You are viewing a plain text version of this content. The canonical link for it is here.
Posted to dev@hive.apache.org by "Sergey Shelukhin (JIRA)" <ji...@apache.org> on 2013/11/16 03:41:21 UTC

[jira] [Updated] (HIVE-5817) column name to index mapping in VectorizationContext is broken

     [ https://issues.apache.org/jira/browse/HIVE-5817?page=com.atlassian.jira.plugin.system.issuetabpanels:all-tabpanel ]

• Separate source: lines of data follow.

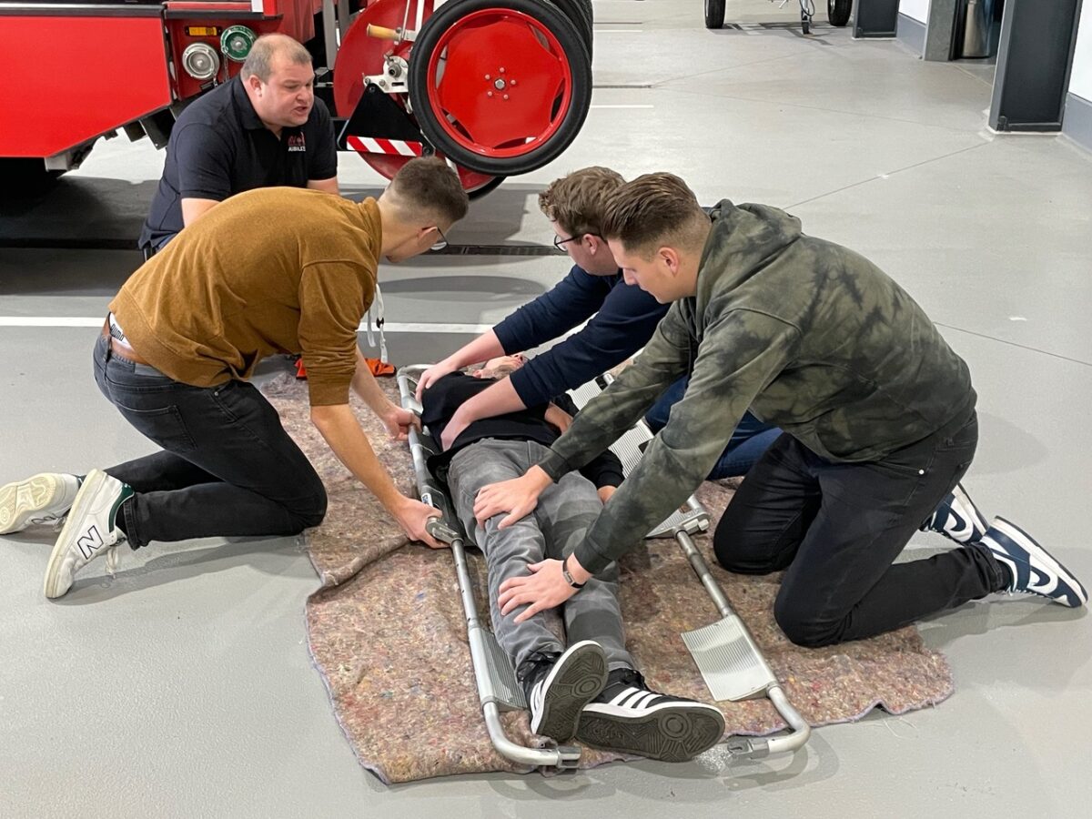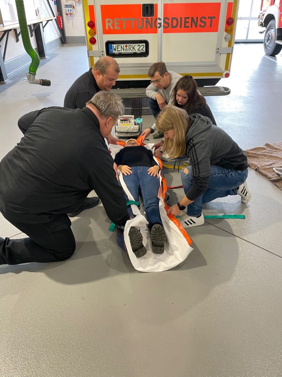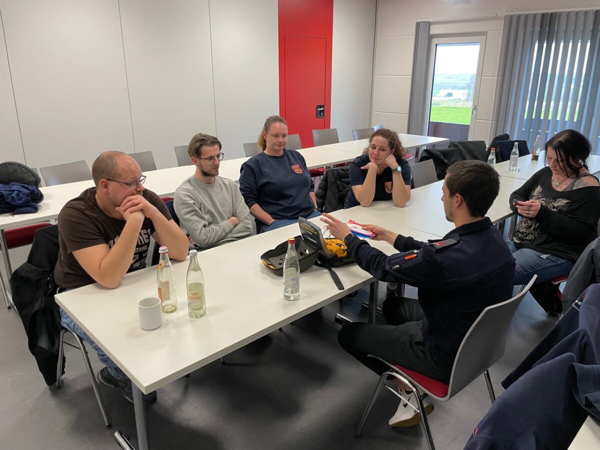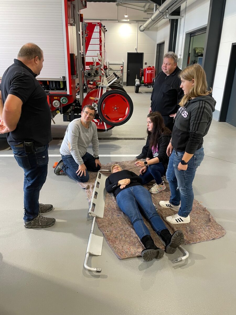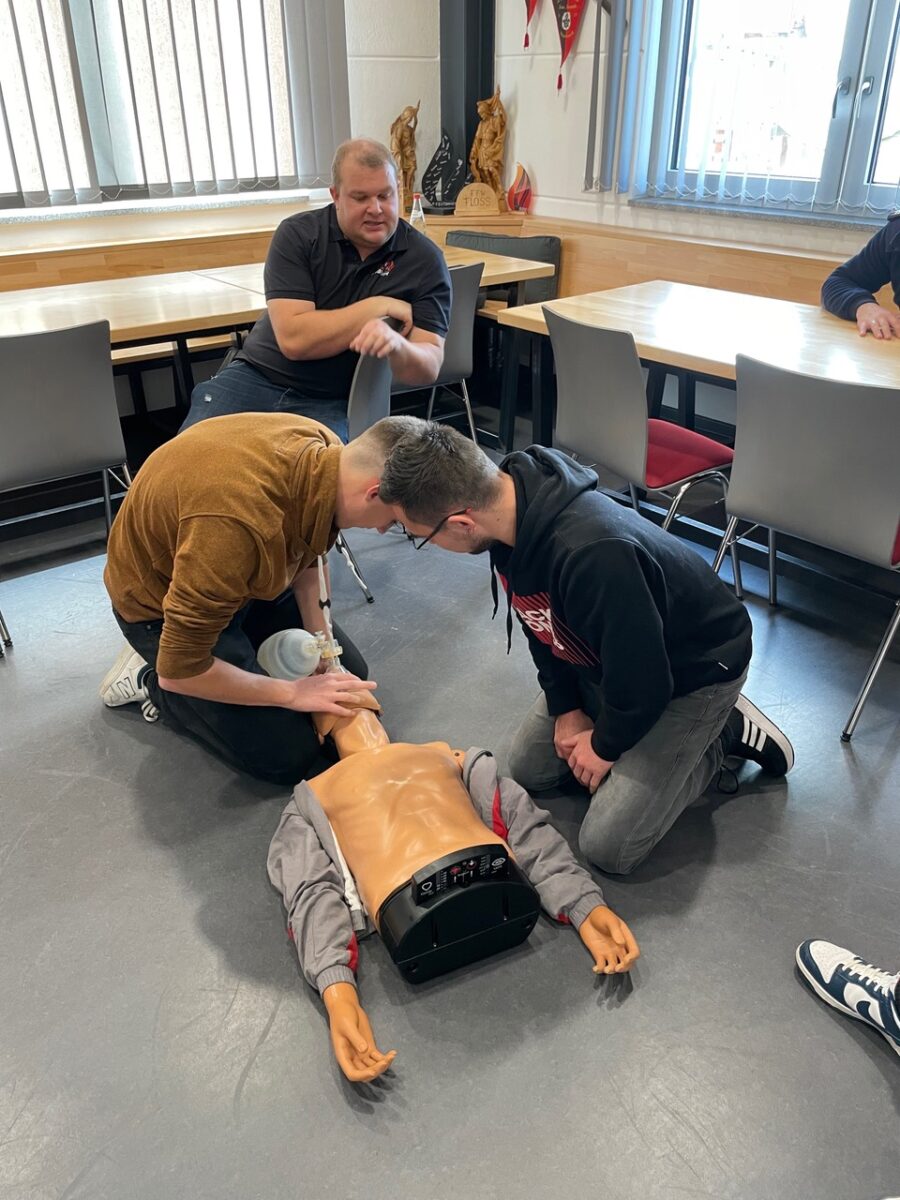 Dann ging es für die Teilnehmerinnen und Teilnehmer ans Eingemachte. In zwei Gruppen galt es, realistisch inszenierte Notfallszenarien realitätsnah abzuarbeiten. Wichtiges Ziel der Ausbildung war es hier, den Teilnehmern zu vermitteln, dass es einen Teamleiter geben muss. So gelang es den Feuerwehrkameradinnen und -kameraden, eine Reanimation fünfzehn Minuten lang fortzusetzen, bis der Notarzt und Rettungsdienst eintrafen.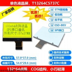| 132*64 | T13264C5737C | 57.0*37.0 | 54.6*28.6 | 2.4寸,低功耗,平板背光可配铁框 | SPI/插接 | 常备现货 | |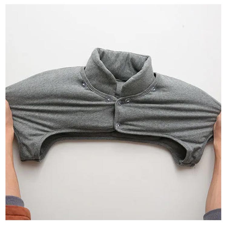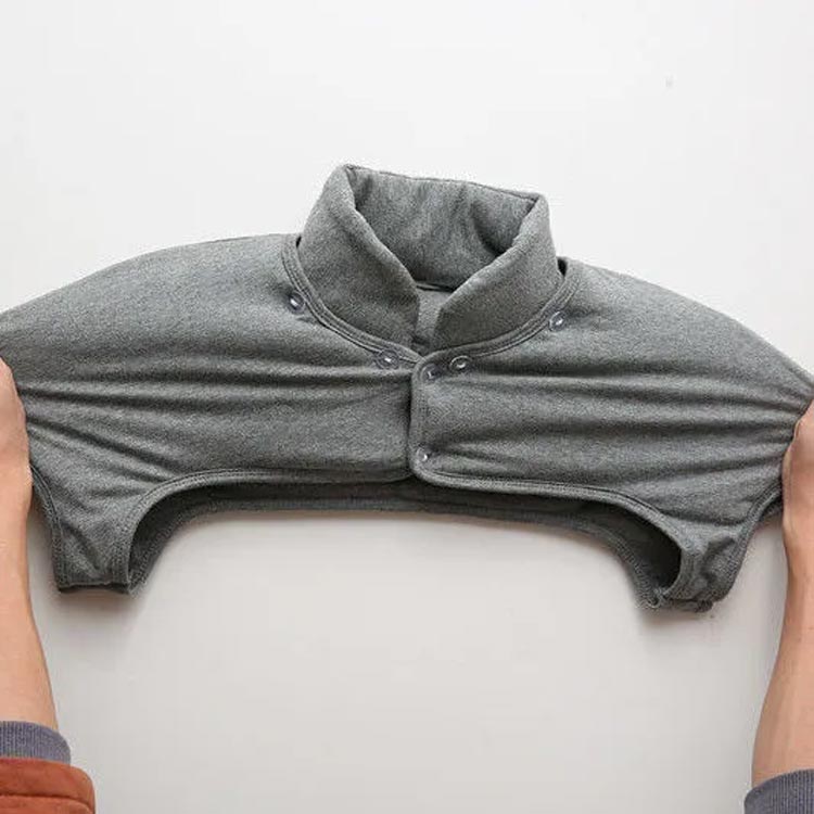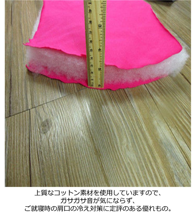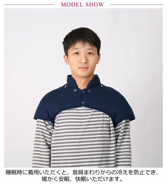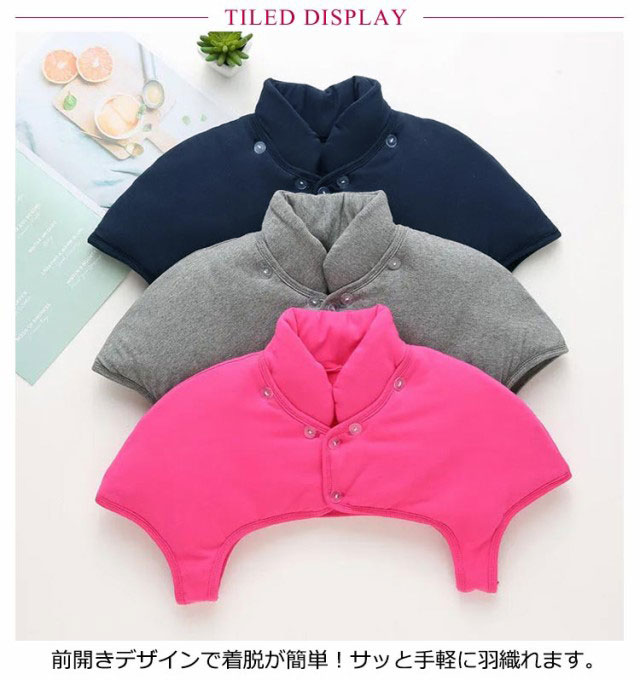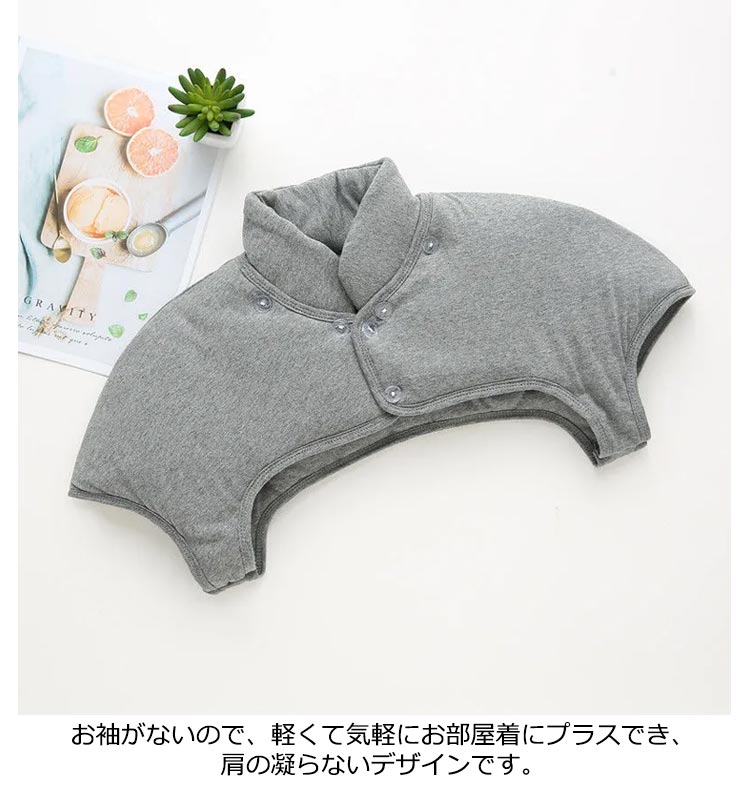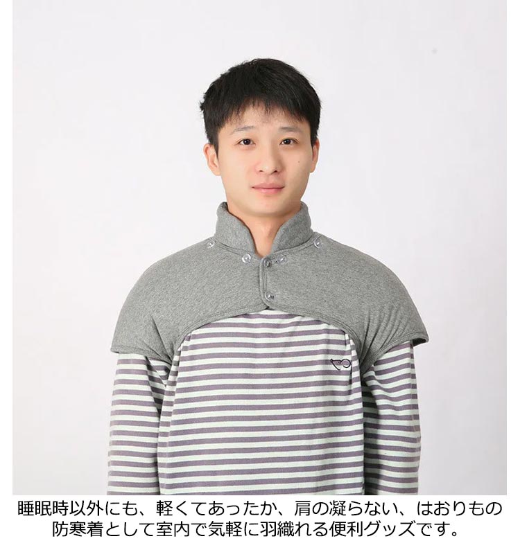 襟取り外し可能なエコダウン入りの肩当て。【男女兼用】【M-3XL】睡眠時に着用いただくと、首肩まわりからの冷えを防止でき、暖かく安眠、快眠いただけます。睡眠時以外にも、軽くてあったか、肩の凝らない、はおりもの 防寒着として室内で気軽に羽織れる便利グッズです。前開きデザインで着脱が簡単!サッと手軽に羽織れます。お袖がないので、軽くて気軽にお部屋着にプラスでき、肩の凝らないデザインです。上質なコットン素材を使用していますので、ガサガサ音が気にならず、ご就寝時の肩口の冷え対策に定評のある優れもの。秋から春まで長い期間お使い頂けます。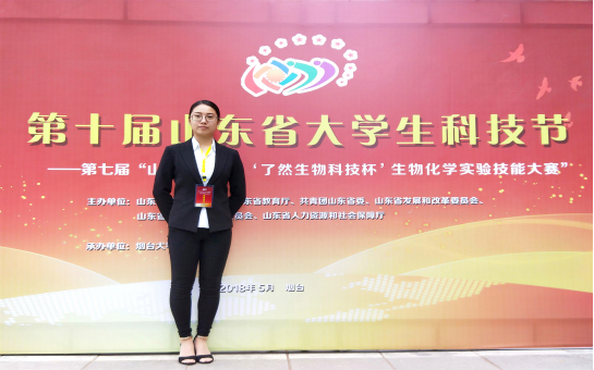 科研的目的就是探索她们未知的领域,了解她们不知道但是想知道的东西。正因为对科学研究的兴趣和执着,她从大一便加入了学院实验室,虚心学习,刻苦钻研,从最简单的工作开始做起,从对试剂的配制、精密仪器的操作和使用,到一步步自己动手完成小小的实验,到熟练运用软件处理实验数据、分析实验结果,再到认真严谨地完成每一项科技项目,在老师和师兄师姐的指导下,不断提高着自己的实验技能和动手操作能力。现已参与发表了2篇核心期刊论文;参加了2项国家级和1项校级大学生创新项目,其中两项在团队成员一起努力下均已结项;同时积极参加与各种科技活动比赛,希望在比赛中锻炼自己,提高自己,现已获第七届山东省大学生生物化学实验技能大赛省级特等奖,第九届山东省大学生生物学大赛省级一等奖;获“科技活动单项奖学金”,获2018年“学生科技创新先进个人”荣誉称号。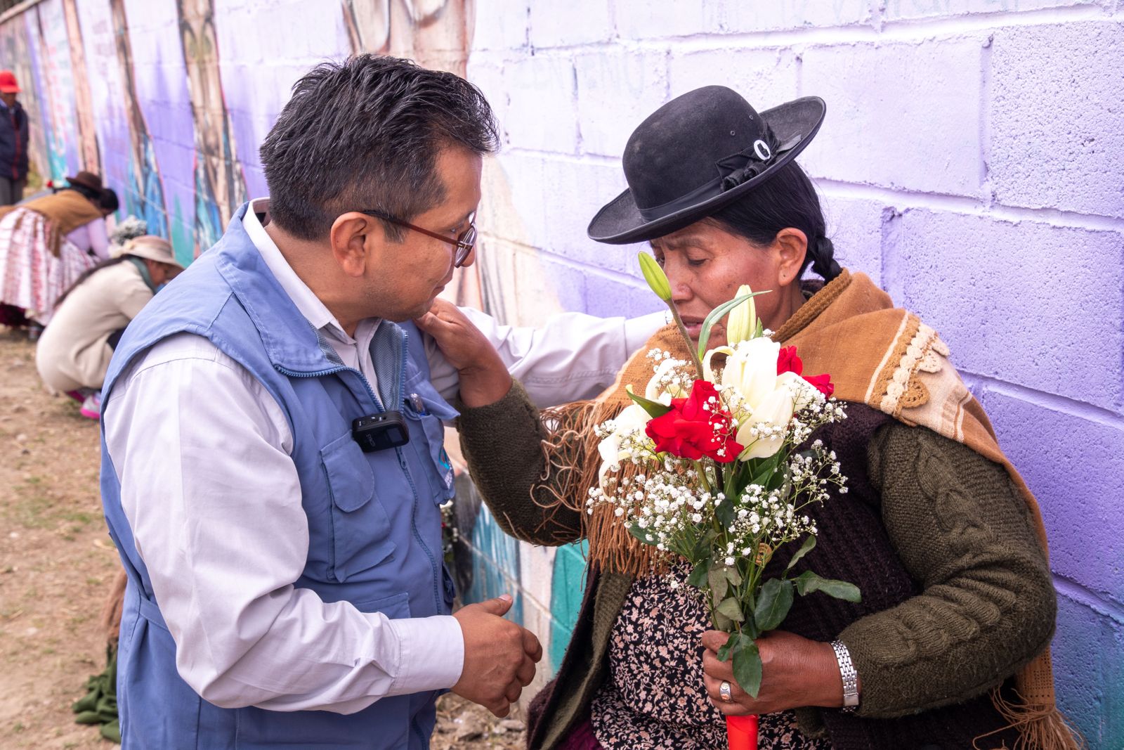 El Alto, noviembre 19 (UCOM/UCREA). – El Defensor del Pueblo, Pedro Callisaya Aro, entregó una ofrenda floral y la restauración del mural pintado en una de las paredes de la explanta de YPFB, en memoria de las víctimas de la masacre de Senkata del 2019, como un gesto de respeto y demanda de justicia por las personas fallecidas hace seis años.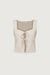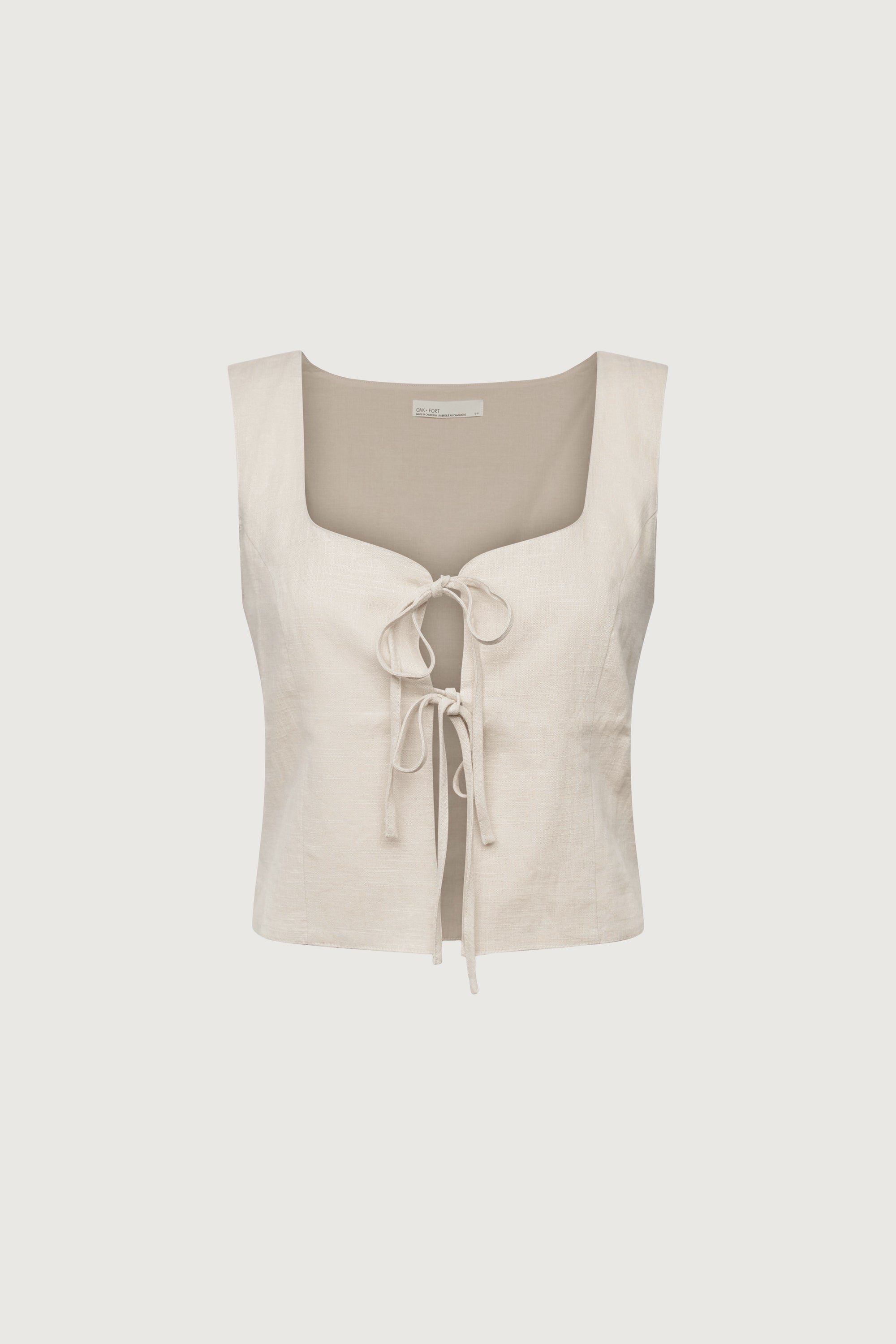 This linen blend tie front tank is made in a relaxed fit. It has a subtle sweetheart neckline and has an open front finished with ties. Pair yours with a midi skirt and sandals this season.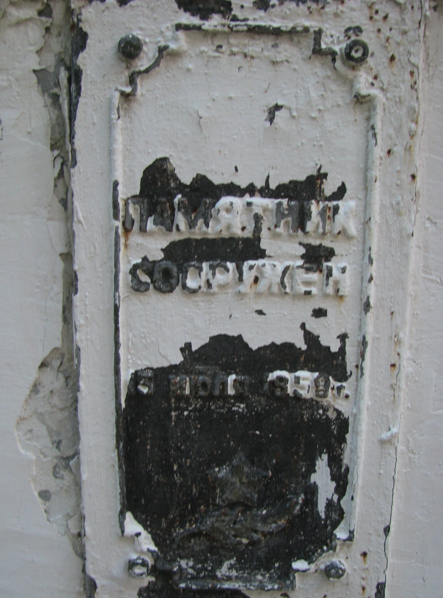 Мемориальная табличка, изображённая на фотографии, служит напоминанием о дате создания данного памятника церковного зодчества. Несмотря на повреждения, она продолжает нести свою мемориальную функцию, являясь неотъемлемой частью исторического облика этой православной святыни.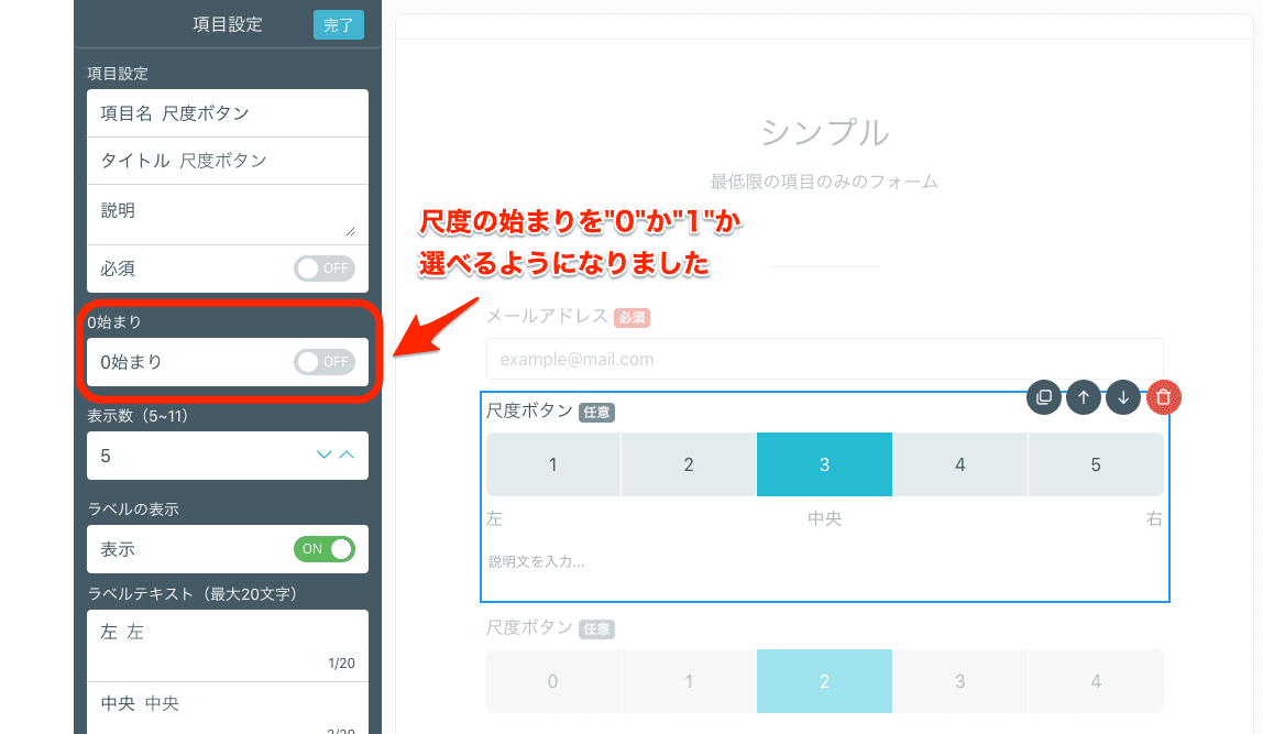 「1から始まる尺度にしたい」というお声を反映して“0始まり”を選択できるように機能改善を行いました。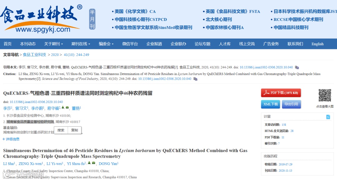 [7]李莎, 曾习文, 李亦蔚, 易守福*, 董艳. QuEChERS-气相色谱-三重四极杆质谱法同时测定枸杞中46种农药残留[J]. 食品工业科技, 2020, 41(10): 244-249.

Sergey Shelukhin updated HIVE-5817:
-----------------------------------

    Attachment: HIVE-5817-uniquecols.broken.patch
                HIVE-5817.00-broken.patch

Here are 2 patches. Unique cols is abandoned patch with solution 1. 
the main one is for (2), I was able to compile queries properly but running fails. It's probably something related to passing of serialized stuff thru scratch map, but I cannot get MR logging to work in tests so it's hard to tell.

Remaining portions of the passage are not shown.